Global data volume is surging at an annual growth rate of over 59%. 80% of the data are unstructured or semi-structured. The amount of data in China is rising at a higher rate. Object storage-based data lakes are increasingly common thanks to the rising data volume and proportion of non-structured data. Unified management, query, and use of data are the new challenges.

Development of AI Needs Large Amount of Accurate Data

When enterprises deploy AI applications, the effect of AI applications depends largely on the quality of data resources. To promote high-quality AI applications, targeted data governance is the primary link. The traditional data governance systems built by the enterprises mostly focus on the optimization of structured data governance. AI applications' high requirements for data can hardly be met in the dimensions of data quality, data field richness, data distribution and real-time data. Enterprises need to carry out secondary data governance for artificial intelligence applications.

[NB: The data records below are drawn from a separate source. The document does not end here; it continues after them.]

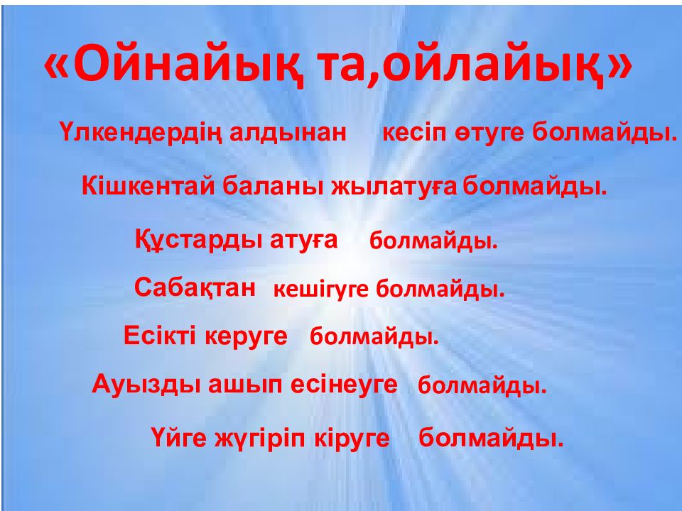 «Ойнайық та,ойлайық» Үлкендердің алдынан кесіп өтуге болмайды. Кішкентай баланы жылатуға болмайды. Құстарды атуға болмайды. Сабақтан кешігуге болмайды. Есікті керуге болмайды. Ауызды ашып есінеуге болмайды. Үйге жүгіріп кіруге болмайды.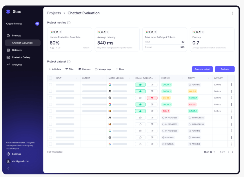 While leaderboards and general benchmarks track high-level model progress, they often fail to reflect domain-specific requirements. For instance, a model excelling in open-domain reasoning might underperform in legal text analysis or compliance summaries. Stax allows developers to define custom evaluation processes tailored to their use cases.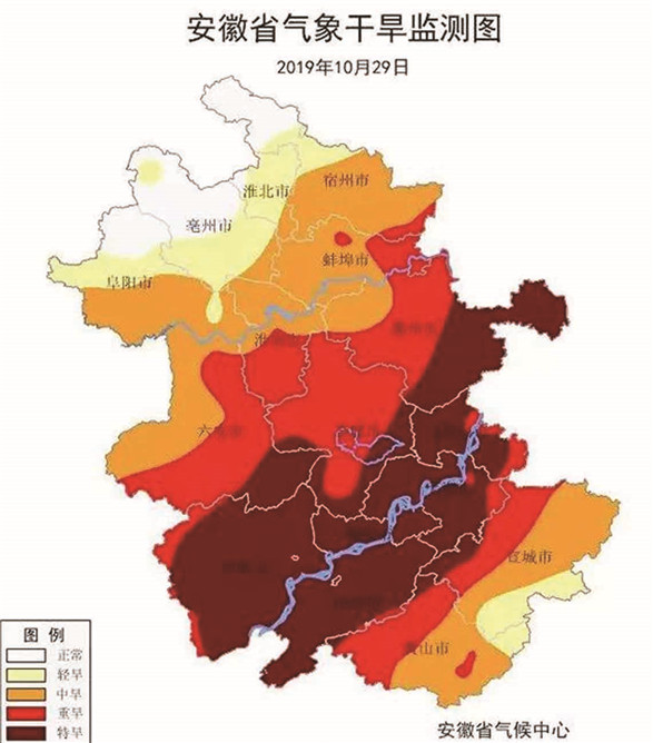 轻旱、中旱、重旱、特旱。旱旱旱!没错,数月来,安徽饱受干旱的困扰。截至10月31日,有51个市县维持“重”等以上气象干旱,其中江淮之间东部及沿江大部达特旱。据气象部门统计,8月12日至10月28日,全省平均降水量83.9mm,较常年同期偏少6成,全省平均无降水日数为65天,较常年同期偏多11天。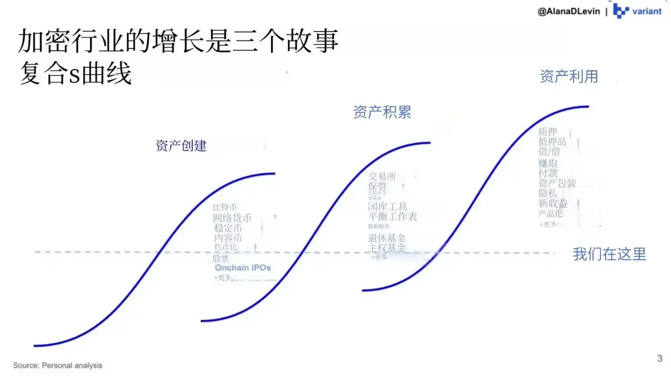 报告将加密行业的增长描绘为三个复合的 S 曲线故事:资产创造、资产积累和资产利用。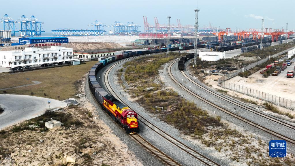当日,2023年首趟西部陆海新通道铁海联运年货班列从广西钦州港东站驶出,这列满载着东盟酥油、椰汁、玉米等食品的班列,预计2天后到达重庆,供应年货市场。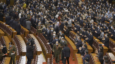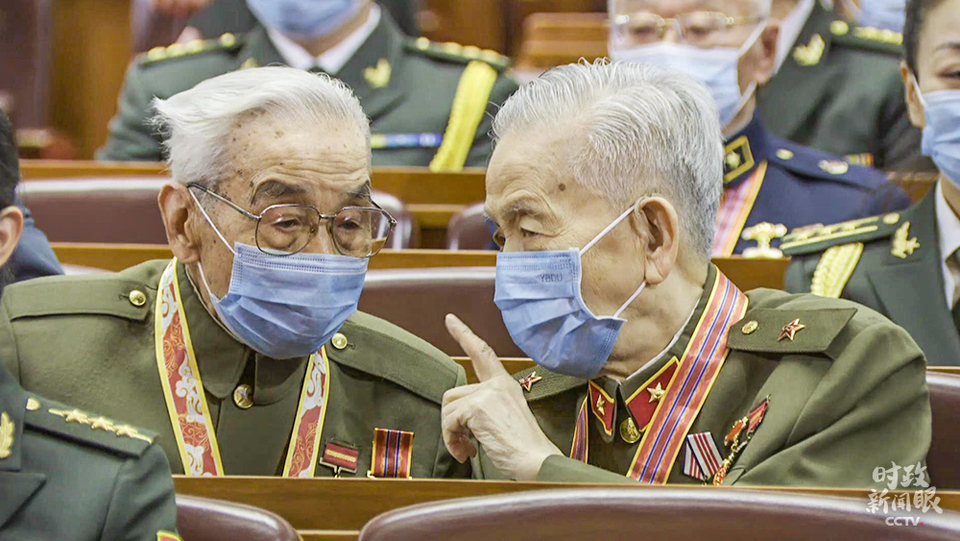 △紀念大會結束后,老英雄們陸續離場。(總臺央視記者王威拍攝)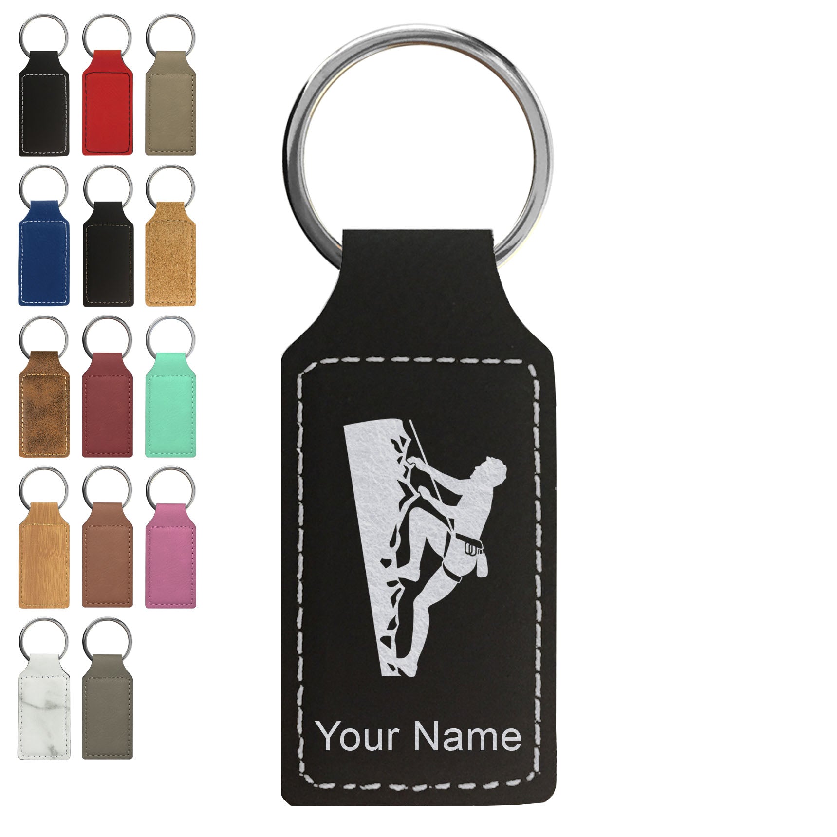 Faux Leather Rectangle Keychain, Rock Climber, Personalized Engraving Included

Pain Point: Data Warehouse, Data Lake and AI Data Form New Data Silos

Data analysis and AI analysis have developed for many years. There are many specialized data systems for different tasks. The data warehouse systems process structured data, but the scale is small; Big data systems handle massive amounts of data and unstructured data; AI systems generally store data locally. These proprietary systems have shortcomings. Some of them form new data silos. Some need to migrate data to develop different businesses, which consumes time, storage and network resources. What's worse, there is a risk of data inconsistencies. It is also It is relatively difficult to drill down and trace the data when abnormal data is found. They can hardly meet the needs of agile data analysis in a rapidly changing market environment.

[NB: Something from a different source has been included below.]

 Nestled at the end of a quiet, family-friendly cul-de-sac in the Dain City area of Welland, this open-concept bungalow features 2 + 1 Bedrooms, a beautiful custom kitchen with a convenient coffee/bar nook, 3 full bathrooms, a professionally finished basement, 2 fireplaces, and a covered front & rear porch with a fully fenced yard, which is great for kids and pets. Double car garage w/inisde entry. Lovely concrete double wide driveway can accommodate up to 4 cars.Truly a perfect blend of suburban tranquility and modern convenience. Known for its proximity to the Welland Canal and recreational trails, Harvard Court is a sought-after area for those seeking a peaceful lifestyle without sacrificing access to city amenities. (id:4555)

Strategy 2: Unify metadata to a central node

Unify the data warehouse, data lake, AI data directory, data permission, transaction consistency, multi-version management and other capabilities to a central node, and rely on this node to access data, therefore, data use wouldn't be constrained by isolated systems. This distributed storage and unified management Master-Slave architecture are similar to Mapreduce in the computing field. This approach can break down data silos and allow the same set of data to be freely shared among multiple engines. Different users have the same permissions and Consistent transaction control regardless of the tool they use to access data. It can also avoid the waste of resources caused by data migration. Any link can see the full amount of data within its authority. All models are based on a single source of truth ( raw data) to avoid inconsistencies in results caused by different teams' different data analysis. Once an anomaly is found, it can be easily drilled down and backtracked.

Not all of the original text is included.